Appendix A.1. Transformer Encoder

The Transformer architecture is established according to the concept of a self-attention mechanism, which computes the relationships between different sequence instances of input. Figure A1 presents a comprehensive illustration of the Transformer encoder architecture. The input data of a Transformer is first tokenized into a sequence of tokens and each token is then embedded into a continuous vector representation. In a self-attention mechanism, the input data is transformed into three different representations, i.e., the Query (Q), Key (K), and Value (V) with dimensions

d_{k}

,

d_{k}

, and

d_{v}

, respectively. These representations are used to compute attention scores, which are then applied to weigh the elements of the input data and generate a weighted representation of the input. Hence, the output is a weighted sum of the values for each token in the sequence, computed as the dot product of the Q and K vectors for that token. The dot product measures the similarity between the query and each key, and the resulting attention scores represent the relevance of each element in the input data to the current query. The attention function output is computed as follows

A t t e n t i o n (Q, K, V) = softmax (\frac{Q K^{T}}{\sqrt{d_{k}}}) V .

(A1)

where superscript ^T indicates the transpose of a given matrix. For each input element, attention scores can be computed h times in parallel with various linear projections implemented each by a different “head” to provide more informative presentations of data in a process known as Multi-head Self-Attention (MSA).

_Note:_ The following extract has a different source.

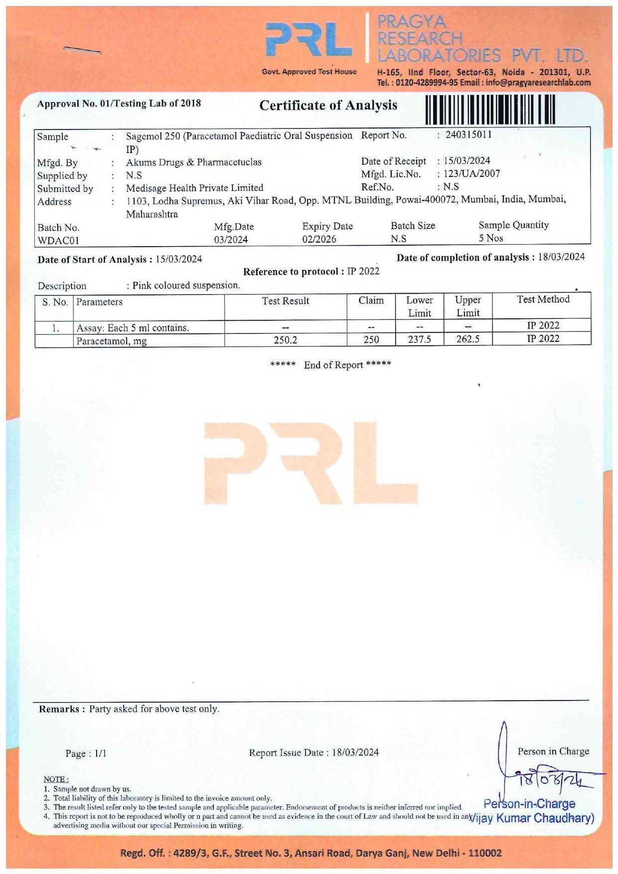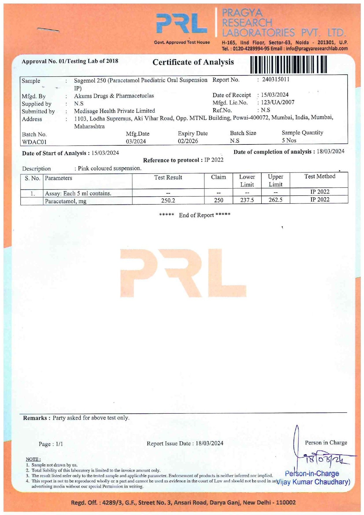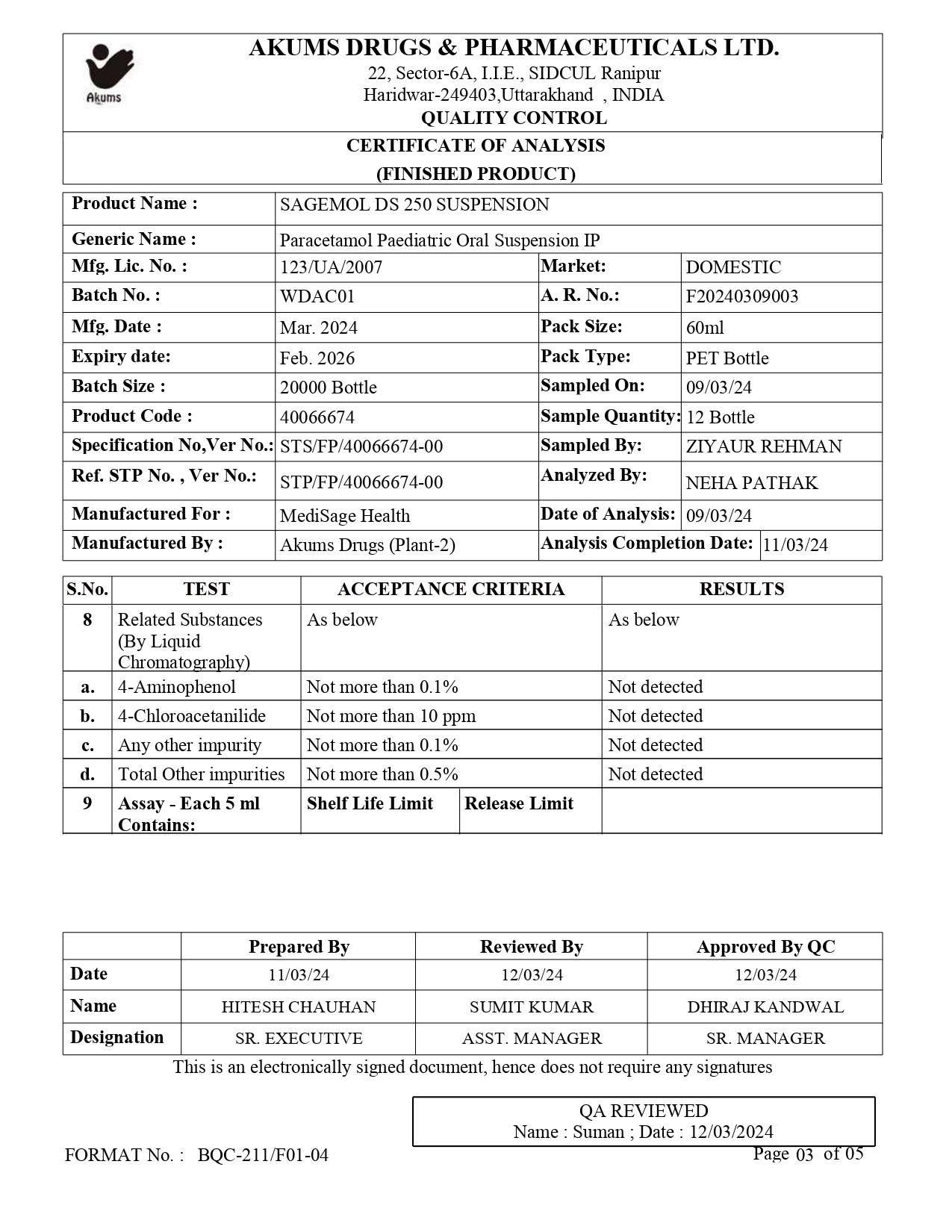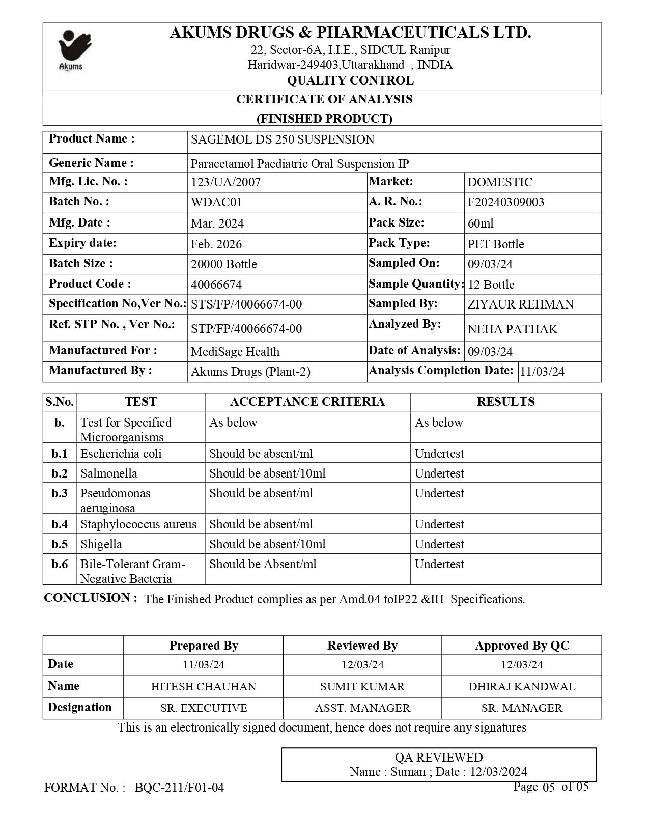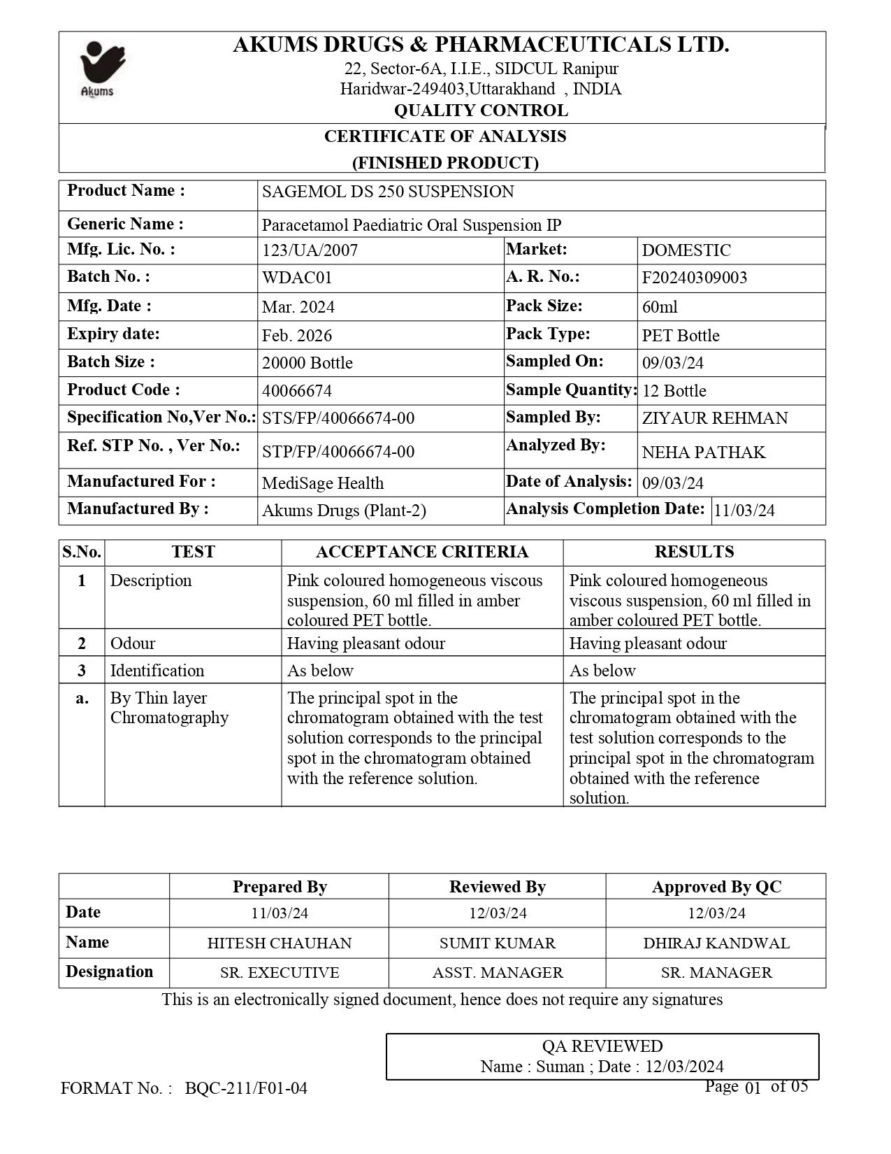 + Free ShippingParacetamol Paediatric Oral suspension IP

The multiple attention scores are then concatenated and processed by a feed-forward neural network to produce the final attention weights. The output of the MSA can be presented as follows

\begin{matrix} M S A (Q, K, V) & = & C o n c a t (h e a d_{1}, \dots, h e a d_{h}) W^{O}, \\ where h e a d_{i} & = & A t t e n t i o n (Q W_{i}^{Q}, K W_{i}^{K}, V W_{i}^{V}) . \end{matrix}

(A2)

where the projections are achieved by parameter matrices

W_{i}^{Q} \in R^{d_{m o d e l} \times d_{k}}

,

W_{i}^{K} \in R^{d_{m o d e l} \times d_{k}}

,

W_{i}^{V} \in R^{d_{m o d e l} \times d_{v}}

, and

W^{O} \in R^{h d_{v} \times d_{m o d e l}}

.

The MSA technique allows the model to capture more fine-grained relationships in the data with a quadratic computational complexity with respect to input image size. The MSA output is then added to the input feature maps through a residual connection, which preserves the low-level features of the input. Afterward, the resulting feature maps are normalized using Layer Normalization (LN) and passed on to the next module consisting of a Multi-Layer Perceptron (MLP) and another residual connection. This process is illustrated in Figure A1.

Figure A1. Structure of the original Transformer encoder (left) and SWin Transformer block (right) highlighting the substitution of the Multi-head Self-Attention (MSA) module with Window-MSA and Shifted Window-MSA.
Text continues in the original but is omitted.